Leben und Wirken[Bearbeiten | Quelltext bearbeiten]

Familiengrab von Rudolf und Ursula Bergander auf dem Dresdner Heidefriedhof

Ursula Bergander kam als Tochter des Geheimen Regierungsrats und Mediziners Karl Titze und der Meißner Ärztin und Radiologin Elisabeth Titze (geb. Klinger) in Berlin[3][4] zur Welt. Sie hatte drei Geschwister. Der Vater verstarb 1924 im Alter von 50 Jahren als Patient in der Irrenanstalt Herzberge[5] und die Familie zog in die Heimatstadt der Mutter, Meißen, um. Elisabeth Titze erstritt ihrer Tochter nach der Höheren Mädchenschule 1926 als drittem Mädchen den, als weiteren Versuch gestatteten,[6] externen Zugang zur Fürsten- und Landesschule St. Afra.[7] Nach dem Abitur studierte sie ab 1932 an der Universität Jena Medizin[8] und promovierte anschließend an der Universität Leipzig. Ihre 1939 verteidigte Dissertationsschrift trug den Titel Zur Frage der Wesensveränderung nach Chorea minor.[9] Am 30. November 1937 beantragte sie die Aufnahme in die NSDAP und wurde rückwirkend zum 1. Mai desselben Jahres aufgenommen (Mitgliedsnummer 5.800.972).[10]

Sie lernte 1934 den kommunistischen Maler Rudolf Bergander kennen, den sie 1940 während seines Fronturlaubs heiratete. Das Paar hatte zwei Söhne, die 1941[11] und 1947 auf die Welt kamen. Rudolf Bergander porträtierte seine Frau zwischen 1940 und 1946 im Gemälde Ursula in Blau, das sich im Besitz der Galerie Neue Meister der Staatlichen Kunstsammlungen Dresden befindet.[12]

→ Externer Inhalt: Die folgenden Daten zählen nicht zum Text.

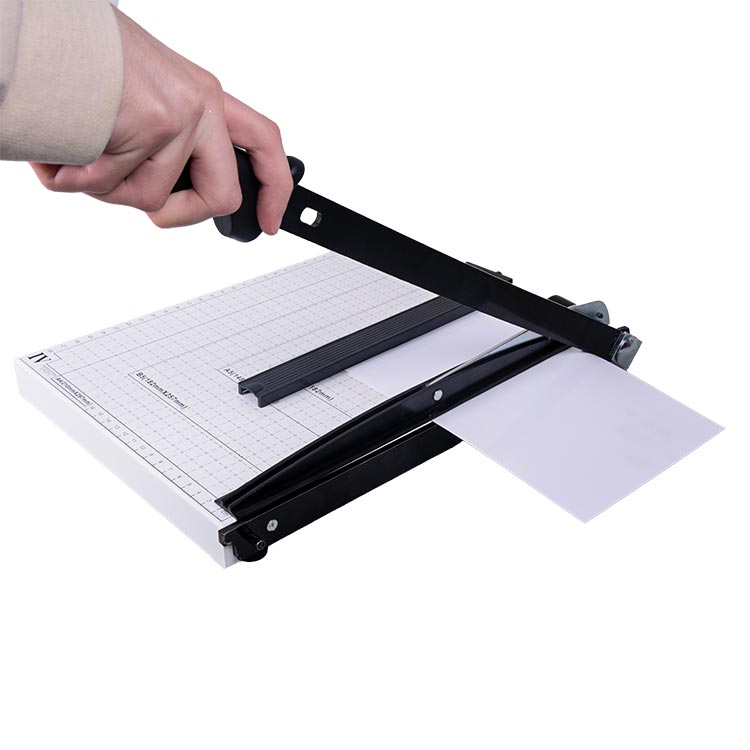 A4 Giyotin Kağıt Kesme Makinesi, A4, B5, A5, B6 ve B7 ölçülerindeki kağıtlar için uygundur. Metal kasa ve dayanıklıdır. Ayarlanabilir ölçü aparatı ile 12 yaprağa kadar hızlı ve düzgün kesim sağlar. Giyotin kolu çıkarılabilir ve bileylenebilir. Kesme doğruluğu için ayarlanabilir, kilitlenebilir standart boyut kılavuzu bulunur. Hem profesyonel hem de kişisel kullanım için uygundur. Güvenlik için özel tasarlanmış emniyet düğmesi bulunur. Maksimum verimlilik için yaklaşık 12 yaprak (90 g/m²) kağıt kesilebilir. PVC veya demir tel gibi sert malzemelerden kaçınılmalıdır. Kağıt kesme giyotini kullanırken dikkatli davranmak ve kağıdı doğru yerleştirmek önemlidir. 2 mm (+/-) küçük kesim hataları meydana gelebilir.

Bergander begann ihre berufliche Laufbahn 1938 als Praktikantin, Volontärin und Assistenzärztin in Leipzig, Meißen, Bayreuth und Dresden. Sie übernahm 1942 die Praxis ihrer Mutter und ließ sich als praktische Ärztin an der Neugasse in Meißen nieder. Als Rudolf Bergander 1949 Dozent an der Hochschule für Bildende Künste in Dresden wurde, begann sie als Stationsärztin in der Frauenklinik Dresden-Friedrichstadt eine zweite Ausbildung, die sie 1953 als Fachärztin für Gynäkologie und Geburtshilfe abschloss. Sie wurde Assistentin des Leiters der Geburtsklinik des Friedrichstädter Krankenhauses und folgte ihm als Ausbildungsärztin an die Medizinische Akademie.[8] Bergander wurde 1957 nach zweijähriger Kandidatur in die SED aufgenommen.

Im Jahr 1957 übernahm Bergander die Entbindungsklinik auf der damaligen Otto-Wagner-Straße (heute Georgenstraße) 4, einer Außenstelle des Krankenhauses Dresden-Neustadt (seit 2017 Teil des Städtischen Klinikums Dresden),[7] deren leitende Ärztin sie bis zur Verrentung 1972 war. In späten Jahren betreute sie den künstlerischen Nachlass ihres 1970 verstorbenen Mannes. Bergander verstarb 1996 in Dresden und wurde auf dem Heidefriedhof neben ihrem Mann beigesetzt.[13]

Entbindungsklinik Otto-Wagner-Straße[Bearbeiten | Quelltext bearbeiten]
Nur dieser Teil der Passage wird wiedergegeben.